Extracted records
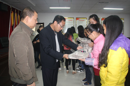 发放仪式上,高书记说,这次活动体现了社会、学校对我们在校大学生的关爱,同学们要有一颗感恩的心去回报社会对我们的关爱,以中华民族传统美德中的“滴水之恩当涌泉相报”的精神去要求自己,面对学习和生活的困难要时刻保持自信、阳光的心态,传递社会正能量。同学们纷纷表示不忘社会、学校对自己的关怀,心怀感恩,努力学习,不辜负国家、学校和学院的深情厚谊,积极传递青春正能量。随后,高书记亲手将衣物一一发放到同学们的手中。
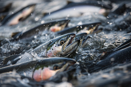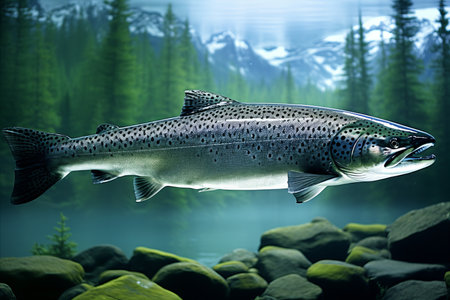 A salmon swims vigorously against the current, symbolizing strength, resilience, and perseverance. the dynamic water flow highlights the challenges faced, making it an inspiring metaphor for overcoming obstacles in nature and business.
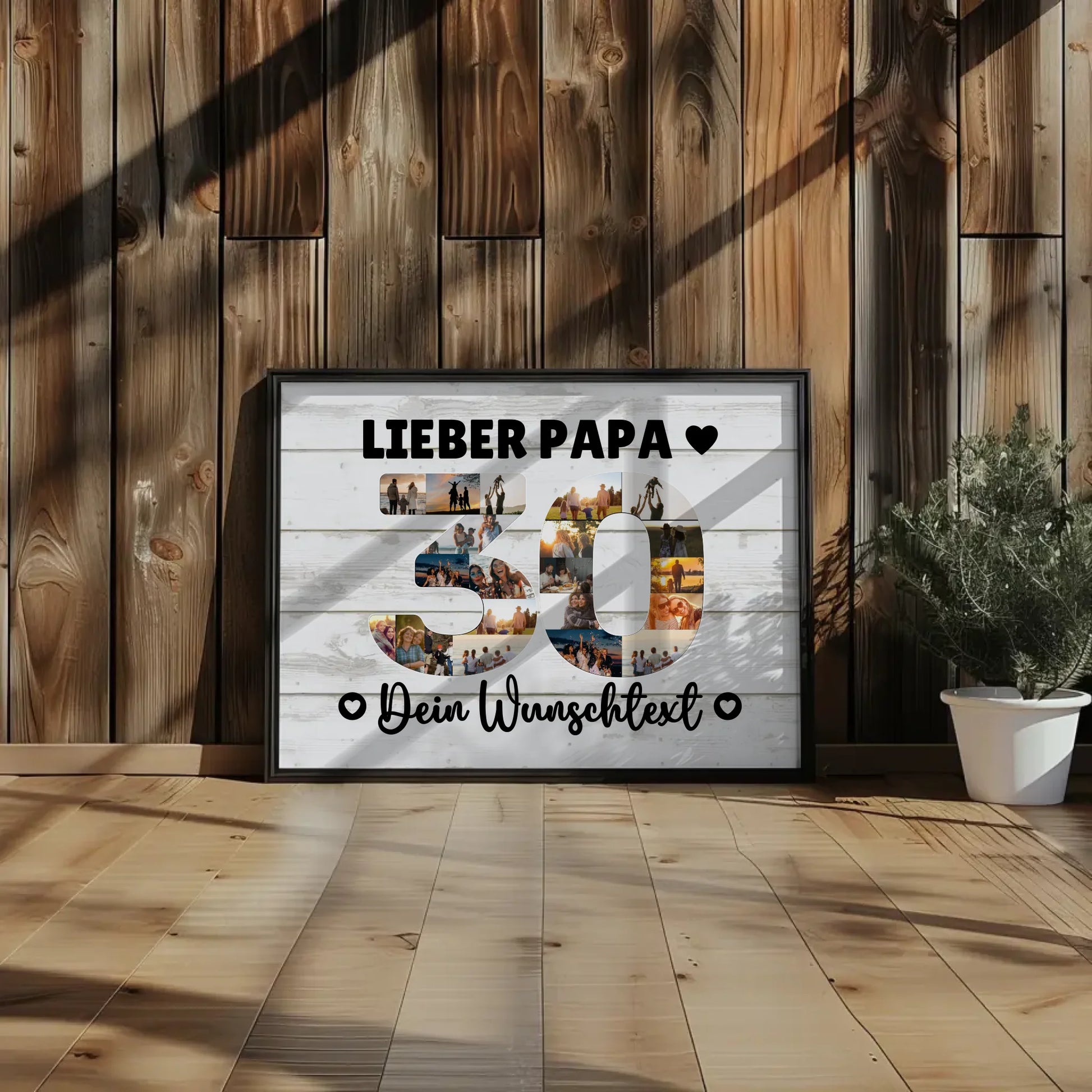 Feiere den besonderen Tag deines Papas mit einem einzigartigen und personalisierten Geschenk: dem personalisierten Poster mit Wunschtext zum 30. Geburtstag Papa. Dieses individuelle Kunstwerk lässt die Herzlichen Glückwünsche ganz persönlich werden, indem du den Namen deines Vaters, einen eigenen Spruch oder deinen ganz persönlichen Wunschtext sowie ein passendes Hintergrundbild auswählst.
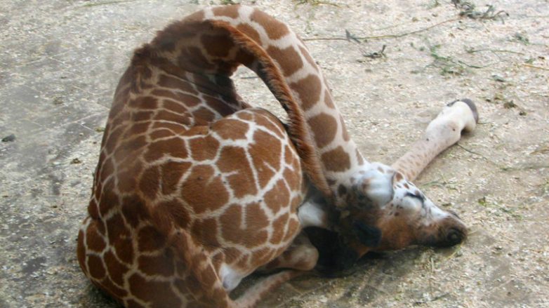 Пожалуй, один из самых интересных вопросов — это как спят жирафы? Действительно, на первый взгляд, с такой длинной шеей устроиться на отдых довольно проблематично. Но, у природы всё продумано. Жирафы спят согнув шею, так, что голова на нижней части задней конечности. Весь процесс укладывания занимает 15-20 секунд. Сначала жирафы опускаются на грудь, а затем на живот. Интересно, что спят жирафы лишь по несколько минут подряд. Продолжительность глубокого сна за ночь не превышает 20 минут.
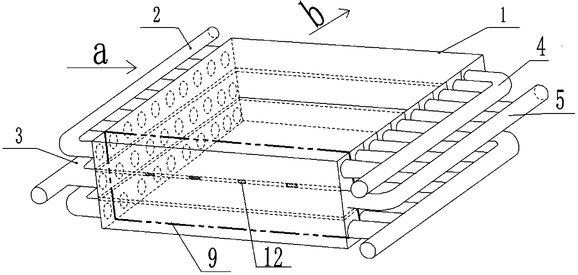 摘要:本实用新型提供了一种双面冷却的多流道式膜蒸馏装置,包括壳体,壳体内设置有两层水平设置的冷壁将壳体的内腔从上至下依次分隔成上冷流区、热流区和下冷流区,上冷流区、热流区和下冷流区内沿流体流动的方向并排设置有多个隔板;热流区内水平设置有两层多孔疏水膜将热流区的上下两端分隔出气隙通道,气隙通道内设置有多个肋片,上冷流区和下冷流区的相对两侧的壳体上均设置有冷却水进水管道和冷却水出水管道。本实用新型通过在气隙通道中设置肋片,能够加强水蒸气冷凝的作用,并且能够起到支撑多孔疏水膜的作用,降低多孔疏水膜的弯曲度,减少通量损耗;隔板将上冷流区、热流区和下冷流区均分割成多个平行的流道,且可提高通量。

• Work required
Exactly as written, restate the lines above from the opening line through the one holding "A salmon swims", omitting the pictures.

• Task answer
 发放仪式上,高书记说,这次活动体现了社会、学校对我们在校大学生的关爱,同学们要有一颗感恩的心去回报社会对我们的关爱,以中华民族传统美德中的“滴水之恩当涌泉相报”的精神去要求自己,面对学习和生活的困难要时刻保持自信、阳光的心态,传递社会正能量。同学们纷纷表示不忘社会、学校对自己的关怀,心怀感恩,努力学习,不辜负国家、学校和学院的深情厚谊,积极传递青春正能量。随后,高书记亲手将衣物一一发放到同学们的手中。
 A salmon swims vigorously against the current, symbolizing strength, resilience, and perseverance. the dynamic water flow highlights the challenges faced, making it an inspiring metaphor for overcoming obstacles in nature and business.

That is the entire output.